Петр Петрович слишком напряженно смотрел на нее. Словно бы он увидел сейчас не старуху, а что-то вдалеке. Увидел что-то, чего никогда в женщинах не видел прежде... Она превосходила его!.. Она, а не он, долгожитель в этой вечной тяжбе. Он — только искра. И что он, что другой — ей без большой разницы. Тыщи лет... И в точности так она обработает завтра следующего зажившегося старикана, сюда даже не оглянувшись! И уж конечно, не вспомнив, что у предыдущего старика тоже было свое лицо, что было имя и что был он Петр Петрович...
Отчего у меня такая ясная голова, — думалось ему... Откуда эта ясность? Или, когда по-настоящему холодно, у человека не бывает разномыслия. Холод как билет в одном направлении.
— Не-ееет, — протянул ее голос, осклабясь. — Второй раз разве что посме-ертно. Когда тебя уж не будет.
Она скривилась в снисходительной улыбке:
— Бывает. Бывает, что воздаду-ут... Медаль уважительную, а? Посмертно. Кто что любит. Иль орденок геройский?
За окном едва-едва светало. Ночь... Петр Петрович Алабин, зоркий старик, всматривался в крестовину оконца.
Аннета Михеевна посмеивалась:
— Ведь я, ежели вглядеться, и ласковая, и добрая, — и красивая. Раскрасавица...
Старуха нашла шерстяное одеяло, набросила поверх: так и быть, согрейся малость, Петр Петрович! Она подтыкивала углы, но и сквозь два одеяла руки ее оставались холодны.
Он вдруг стал слышать, как уходит его тепло.
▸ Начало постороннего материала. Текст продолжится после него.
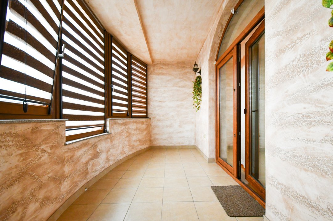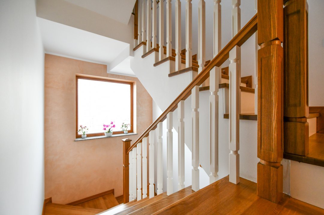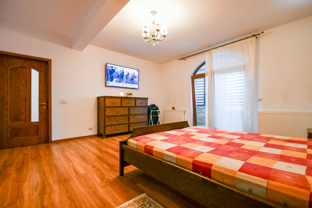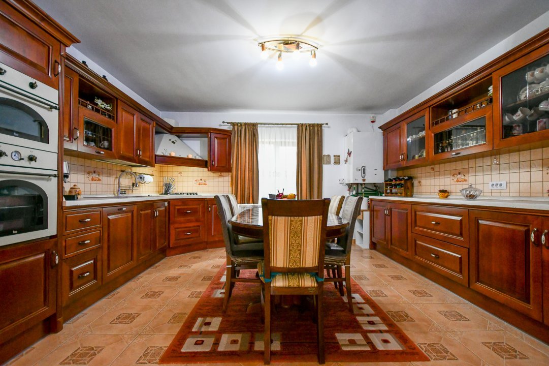 Ferestre din PVC (8 camere nuanta stejar) GEALAN si QFORT cu geam tripan reflexiv si geam sablat ornament, pervazuri din granit si feronerie MACO, gresie si faianta ceramica portelanata, parchet laminat trafic intens 12mm, instalatii alimentare apa din PPR (verde) cu bariera termica, instalatie scurgere/canalizare ingropata cu evacuare mare de ø160, instalatii termice din PPR verde cu bariera termica si UPONOR prin manson de protectie asistate de distribuitoare de caldura montate pe fiecare nivel, centrala termica pe gaz RIELLO FAMILY ITALIA 36KW in condensare cu boiler 110L incorporat si stabilizator de tensiune, calorifere otel si portprosop in bai, sistem fotovoltaic compus din 12 panouri Sharp cu putere 6,8 KW montate pe ferme metalice (costuri minime in timp - prosumator de 3 ani), invector Huawei putere 12KW, bransament 380V cu putere instalata 15KW, instalatii electrice 220V din cupru multifilar (bransament general Ø6, coloane alimentare Ø4, prize Ø2,5 si iluminat Ø2,5) asistate de tablou sigurante automate elaborat pe fiecare nivel, cu prize si intrerupatoare modulare Schneider si doze generale de legatura in fiecare camera, instalatie curenti slabi (internet si cablu TV) in camere, aparat de aer conditionat Mitsubishi Inverter 22000 BTU, sistem de alarma PARADOX, conectat la firma de paza si monitorizare video 24h/24h cu 8 camere de luat vederi receiver si monitor, videointerfon, usi interior din lemn stratificat cu garnituri etansare si feronerie premium, scara interioara din beton armat cu trepte placate lemn frasin si mana curenta lemn, usa acces imobil din PVC cu ranforsare antiefractie, baile dotate cu obiecte sanitare de la diverse firme de prestigiu IDEAL STANDARD - HANSGROHE etc, interior finisat cu stucco venetian si zugraveli lavabile.

— Раскрасавица, верно? — посмеивалась.
Она, эта сука, его жизнь, встала под серенький просвет окна: ей хотелось, чтобы старик разглядел, что она нага до пояса. Чтобы увидел ее тяжелые груди. Чтобы признал ее холодную красоту!.. Юбка на ней колыхалась. И груди.
— Смотри, смотри лучше... Не фыркай... Да ты разглядел ли? Сюда посмотри!
Она изогнулась бочком, отчего излом ее бедер, и правда, стал выпуклее и заманчивее.
— А что?.. Стриптиз... А вот и не хуже других!.. Женщина! — ухмылялась изгибающаяся в неслышном ритме старуха.
Она там пританцовывала. Ей явно нравилось само движение. Изгибалась в талии. Ногой вправо — ногой влево... Его жизнь?.. Эта пляшущая, кривляющаяся, циничная и по-своему великолепная старуха. Ладно. Какая есть. Как в кошмаре. Пусть пляшет.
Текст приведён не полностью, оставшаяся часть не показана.